It also would abolish the limit on how much oil companies can deduct from their tax bill for operating costs at the Prudhoe and Kuparuk fields. Those are the two biggest and oldest North Slope oil fields.

Huggins said putting a cap on deductions was never studied in Senate committees before it became part of the bill. And making the tax increase retroactive to June 30 wasn't fair, the Wasilla Republican said.

"If I was an IRS man and said I was going to make a retroactive tax provision for you and your neighbors and everybody else in the United States, you would not be too happy," Huggins said. "For us to just summarily do that in Juneau to one of our business partners is a questionable process." His bill would make the tax effective on Jan. 1, 2008.

Anchorage Democratic Rep. Les Gara said reversing the retroactive part of the tax would cost the state about $600 million.

"I don't think giving state money back to oil companies who are making record profits is the way to go," Gara said.

Anchorage Democratic Sen. Hollis French pledged to fight Huggins' SB 242. French said he expects it's going to be contentious.

"My first thought was, here we go again," said French. "I'd hoped we had finished that debate and put it behind us."

The limit on how much the oil companies can deduct from their tax bill was a huge issue for Democrats in the November special session on oil taxes.

They managed to amend the tax to cap the growth in operation-expense deduction at Prudhoe and Kuparuk to no more than 3 percent a year.

Many Democrats said they would never have voted for the oil tax without the cap on how much companies can deduct. One problem with the previous tax was that it wasn't bringing in nearly as much money as the state thought it would because of rising deductions, they said.

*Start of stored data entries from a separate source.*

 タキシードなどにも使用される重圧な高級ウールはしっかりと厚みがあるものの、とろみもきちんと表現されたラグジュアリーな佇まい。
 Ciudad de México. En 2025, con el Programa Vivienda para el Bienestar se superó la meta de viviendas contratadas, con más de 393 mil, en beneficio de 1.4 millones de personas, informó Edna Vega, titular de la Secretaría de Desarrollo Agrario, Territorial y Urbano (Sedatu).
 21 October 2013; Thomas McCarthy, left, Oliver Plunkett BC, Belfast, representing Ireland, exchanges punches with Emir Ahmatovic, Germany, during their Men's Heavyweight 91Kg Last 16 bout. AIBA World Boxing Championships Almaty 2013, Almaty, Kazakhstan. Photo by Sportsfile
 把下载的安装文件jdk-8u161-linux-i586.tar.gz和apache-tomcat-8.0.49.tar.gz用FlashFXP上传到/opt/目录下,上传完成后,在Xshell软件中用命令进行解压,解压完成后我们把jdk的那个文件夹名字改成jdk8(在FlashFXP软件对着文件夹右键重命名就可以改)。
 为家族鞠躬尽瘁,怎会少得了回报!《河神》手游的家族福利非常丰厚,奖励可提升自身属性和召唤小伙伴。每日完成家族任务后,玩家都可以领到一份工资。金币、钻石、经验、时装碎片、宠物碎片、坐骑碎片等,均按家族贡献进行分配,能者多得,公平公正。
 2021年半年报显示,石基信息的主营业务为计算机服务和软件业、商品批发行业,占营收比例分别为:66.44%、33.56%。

Democrats called the cap a compromise that let them accept an oil tax on profits.

Many really wanted a tax on the gross value of the oil -- which they argued would be less vulnerable to manipulation by sharp oil company accountants claiming deductions from their state tax bills.

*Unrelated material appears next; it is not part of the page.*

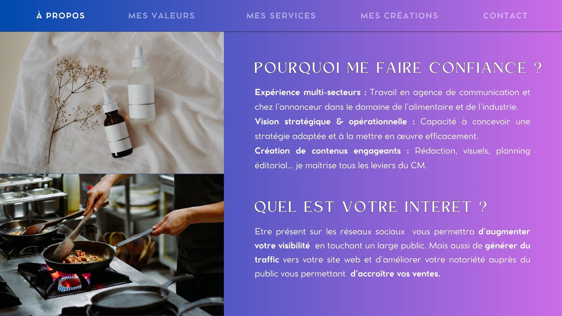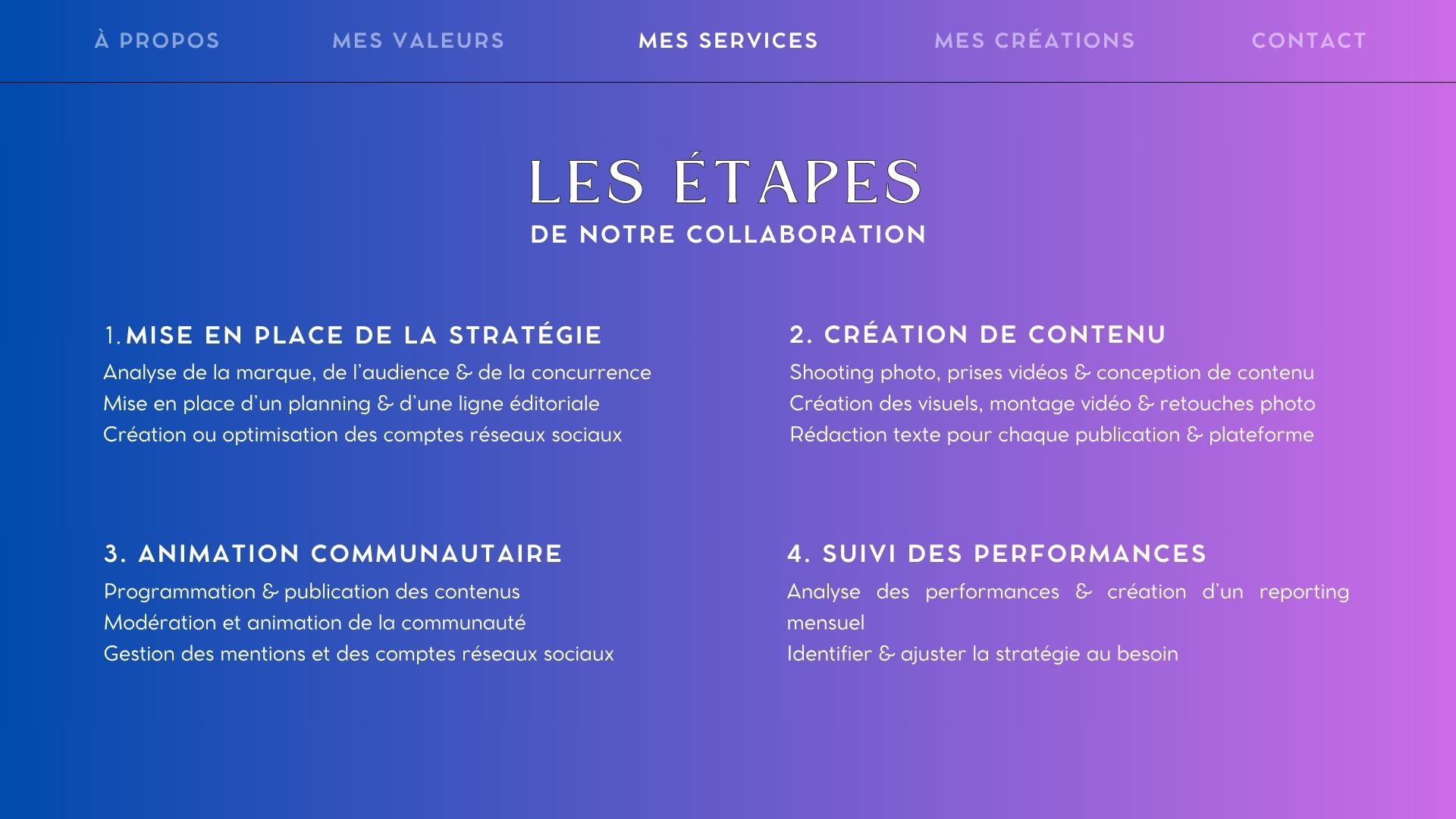 Je vous aide à créer une présence digitale à votre image – authentique, attractive, et surtout fidèle à ce que vous êtes. Mon rôle est de raconter ce que vous faites de mieux, d’attirer l’attention, de générer de la visibilité et de renforcer la fidélité… sans que vous ayez à vous en occuper.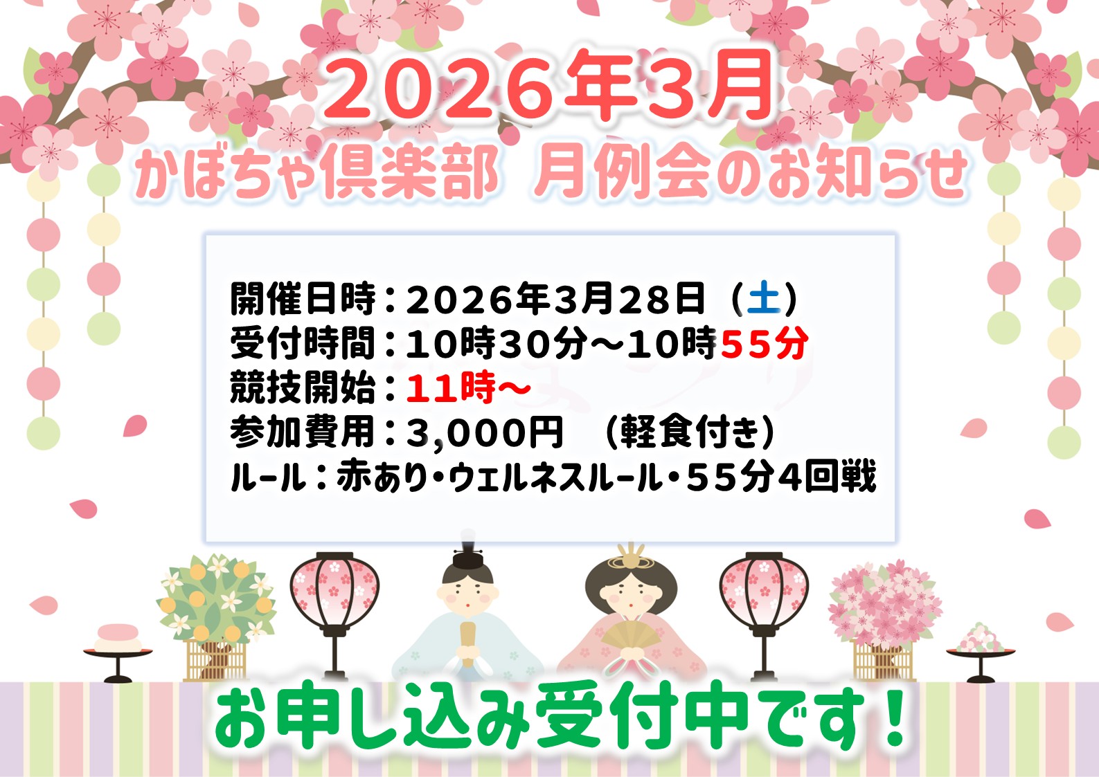 かぼちゃ倶楽部東京都 カボチャクラブ 東京都 両国駅 駅から徒歩1分 セット、健康麻雀、麻雀教室、ノーレート 電話する03-5608-5066 地図 店舗トップ ルール 写真/動画 イベント 求人 クーポン プロ イチオシ ランキング クチコミ イベント詳細 スポットライトイベント イベント 日曜イベント「スプリングカップ」開催! 固定イベント 4/12(日)10時30分受付開始、11時スタート。 参加費3,500円軽食付き。 ウェルネスマージャンルール(赤牌有り)。 半荘4回戦。オカ有り・ウマ10-30。 初心者の方や、まだ来店されたことのない方の参加も大歓迎です! イベント かぼちゃ倶楽部3月度月例会開催! 固定イベント 3/28(土)10時30分受付開始、11時スタート。 参加費3,000円軽食付き。 ウェルネスマージャンルール、半荘4回戦。 初心者の方や、まだ来店されたことのない方の参加も大歓迎です! さらに読み込む... 次の6件〜2件/全2件の検索 お店のコトを友達に教える Facebook X(旧Twitter) Line Mail お店を評価する 閉店・休業・移転・情報違い報告 クチコミ投稿 報告内容詳細※必須 閉店 休業 移転 情報違い 送信する

The cap on deductions is to go away after three years unless renewed. That's a sign lawmakers aren't comfortable with it, Huggins said, and are worried about what it is going to do to oil production in the state.

FAST TRACK

Senate President Lyda Green sent the bill to only one committee. That's an indication she doesn't want it held up. The bill is going only to the Senate Finance Committee, where Sitka Republican Sen. Bert Stedman said that he'll hold hearings on it.

The Senate passed the oil tax hike in the November special session over the objection of majority Republicans including Green, Huggins and Stedman. An alliance between Democrats in the bipartisan Senate majority and Republicans in the minority caucus got the tax through.

The all-Republican minority had tried to keep the tax from being retroactive. So they could have sympathy for Huggins's attempt to roll that back.

Senate Minority Leader Gene Therriault said he's surprised, though, that Republicans in the majority want to change the oil tax again so soon.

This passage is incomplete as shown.